Hi: There is significant relationship between deposit money bank
and stability Nigeria banking system
development.
1.6
SIGNIFICANCE OF THE STUDY:
The research project is more important to the bank regulation and
department of the central bank of Nigeria,
various deposit banks in Nigeria and it will also serve as readable
material for further research.
It is necessary for lectures (Teachers) and workers in relation to
this study. It is important to student taking courses in accountant, banking
and finance and economics to have modern approach to the teaching and
understanding the bank regulation in which they will find interest in.
1.10 SCOPE OF THE
STUDY
The research project is designed to cover the effects of bank
regulation in the stability of the bank system. It shall cover both the present
and past period of bank regulation in Nigeria. For easier collection of data
some banks particularly deposit banks will be examined for the research.
1.11 LIMITATIONS
OF THE STUDY
I wish to express my difficulties which I encountered when
collecting information through the questionnaires
The present fuel price increase was a major limited as it made
transportation to these banks and libraries quite difficult.

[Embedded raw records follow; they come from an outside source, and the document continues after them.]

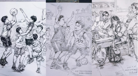 会议结束,美术实习队全体队员纷纷以自己的美术创作作品赠与金海,以表达对金海70个昼夜,为我队提供实习指导的诚挚感谢。同时实习生以金海中学为创作主题,绘制了12幅“金海印记——速写作品”,留校金海。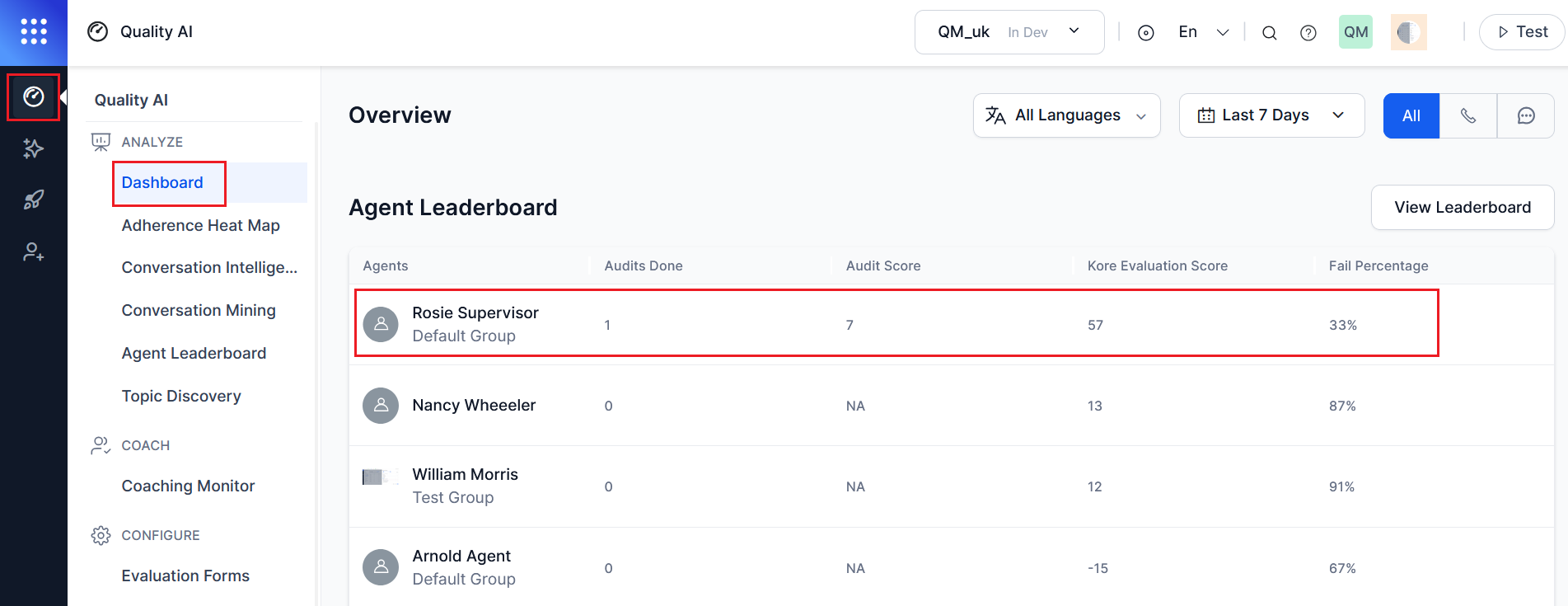 The View Leaderboard option allows supervisors, auditors, and managers to see both top and bottom-performing agents, along with their conversations. For more information, see Agent Leaderboard.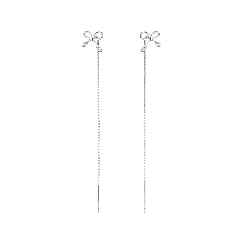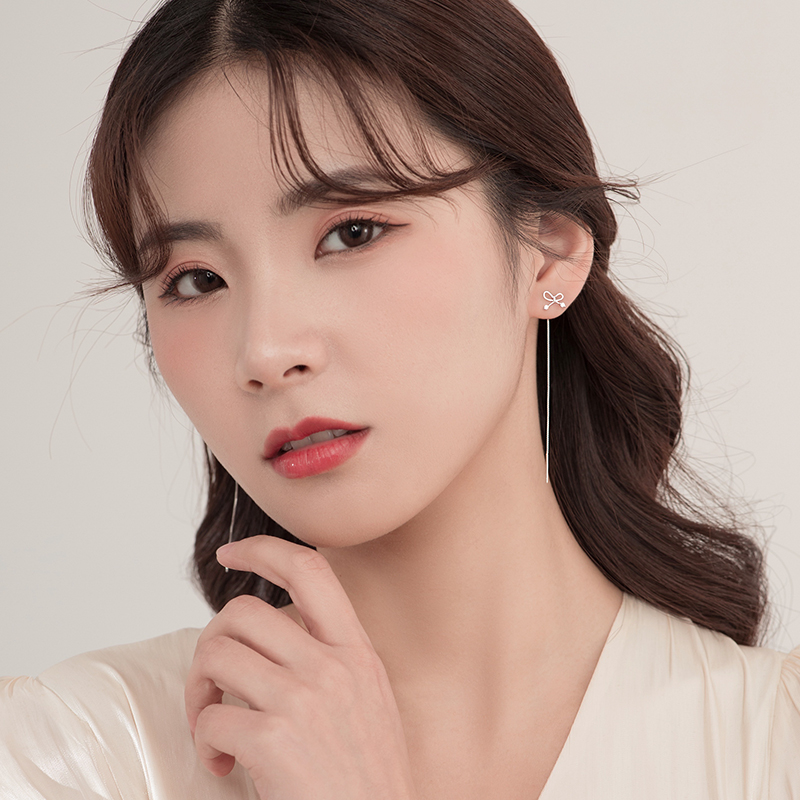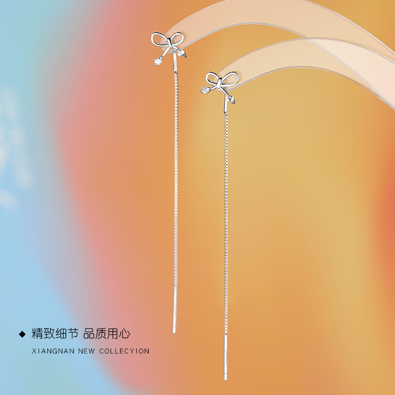(Alley South) 925 Pure Silver Butterfly Knot Ear Necklace 2022 New Tide Earrings Summer Ear Pin Temperament Ear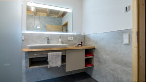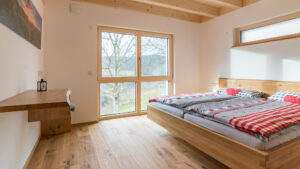 Die Wohnung „Dollenbergblick“ ist mit ihren 2 Schlafzimmern geeignet für eine Familie oder 2 Paare. Ein großzügiges Bad mit bodengleicher Dusche und Panoramaspiegel sorgen für das Mehr an Komfort.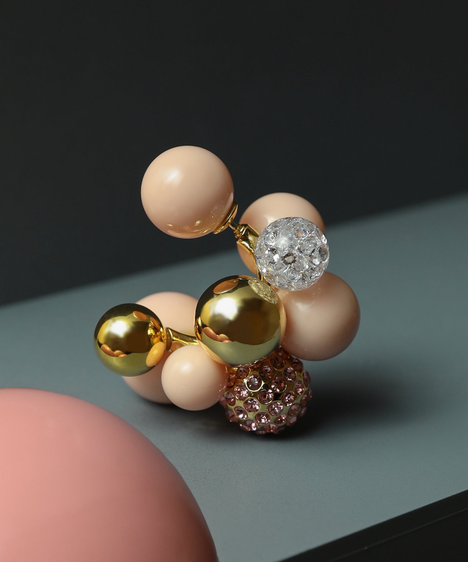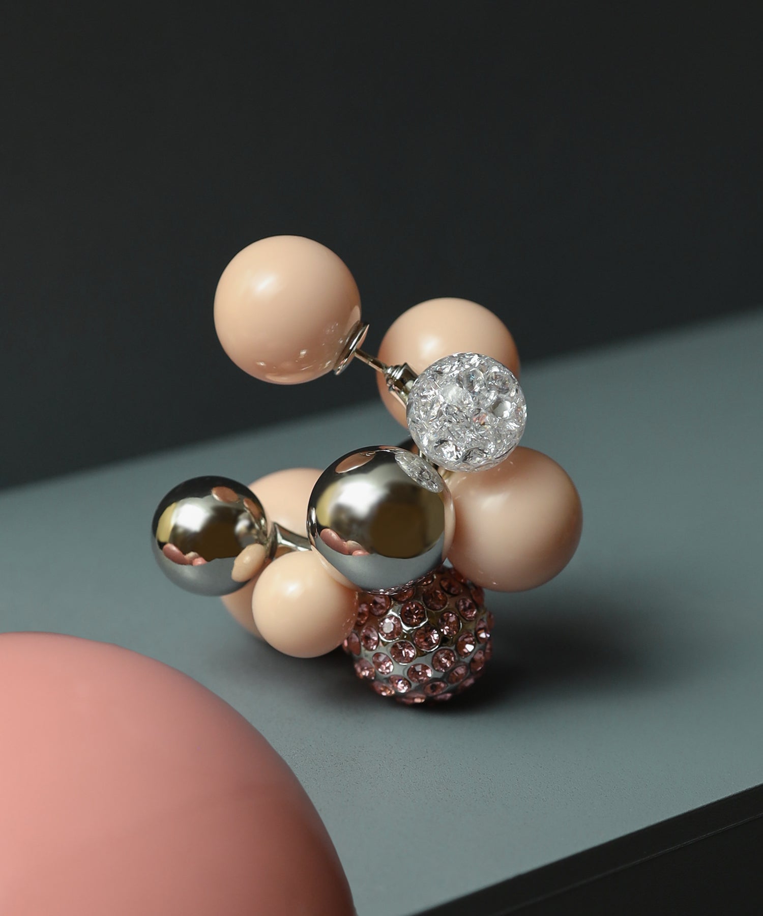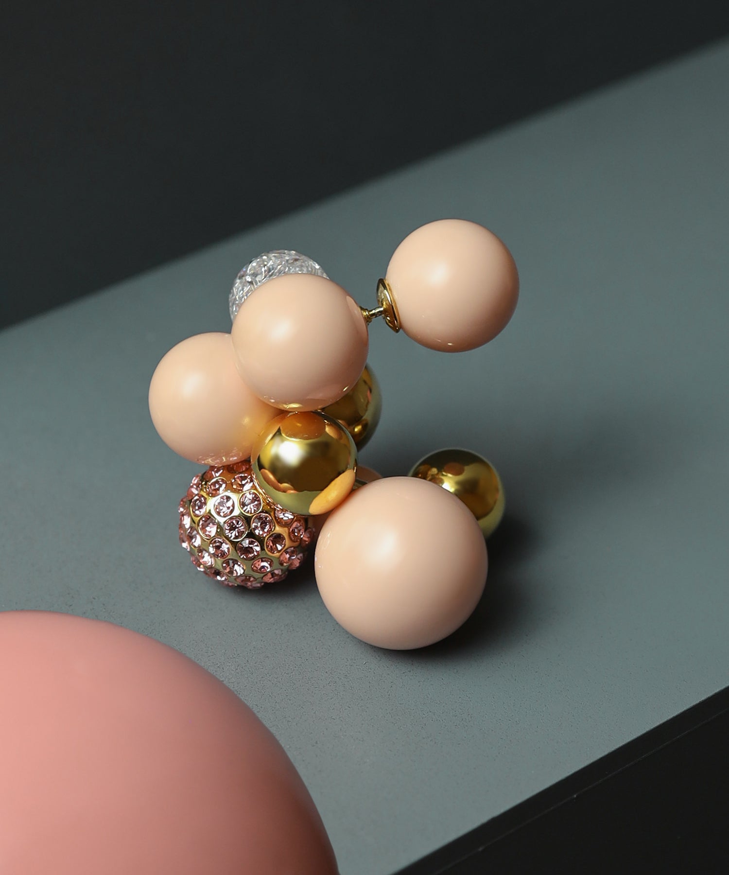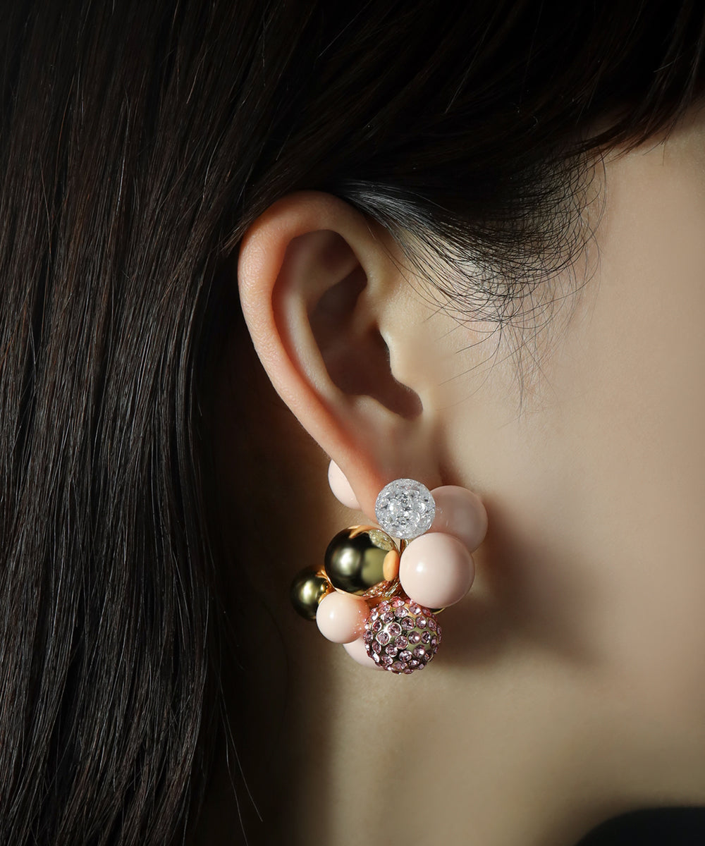 大きさや質感の異なる球体をランダムにセッティングしたピアス。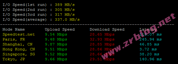 bench一键包磁盘IO和带宽信息,I/O大概在337MB/s的样子,带宽出网10M入网30M
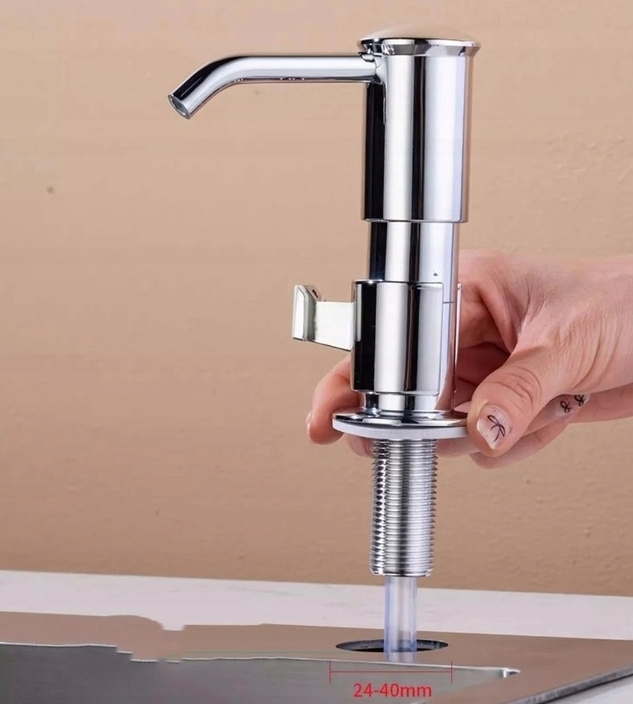 Дозатор мыла с усиленным резьбовым стержнем подходит для большинства столешниц. Подходит для жидкого мыла, лосьона или жидкости для мытья посуды на кухне и в ванной. Насос и держатель губки можно вращать на 360 градусов во всех направлениях.

Besides times and financial constraints, some other factors that
militated against this research projects includes:
1. Lack of books: The scope of
its work was selectively affected because of scarcity of books in the relevant
areas.
2. Attitude constraints: In
the case of the questionnaire, some blatantly refused to collect it to gill
while those that collected tool a lot of time to fill the required answers.
Some fill them haphazardly.
3 Bureautic constraints: Under this limitation concrete attempt made to interview or reach
top official failed because of redtaptism in running official engagements and
procedures in releasing the official or secret of the company.
1.12 DEFINITION
OF TERMS:
i. Financial Institution: it
may be defined as unit or sectors which mobilized sailing and allocate them
into investment projects for this study, I shall take them as those
institutions which gather together financial resources from surpluses sector to
pump into the deficit sectors for stability
Nigeria banking system development.
ii. Modus operand: This means the mode of
operation in the financial institution.
iii.
Financial intermediation: these
are bank regulation which match the deposit requirement of savers with the
investment requirements of the borrowers.
iv.
Savings: it
constitutes that part of income not spent on consumption or expenditure on
goods or services. But for in purpose of this project, saving will be taken as
that part of total income not spent on immediate consumption but is set towards
accentuation of capital for further transactions.
v.
Non-Banks: In this
project, non banks on bank regulation includes insurance companies, investment
companies unit trust, co-operative societies, Bureax De change, primary
mortgage institutions and pension and provident fund all these are non-banks, bank
regulation which help in stability
Nigeria banking system growth of the stability of the Nigeria Bank system.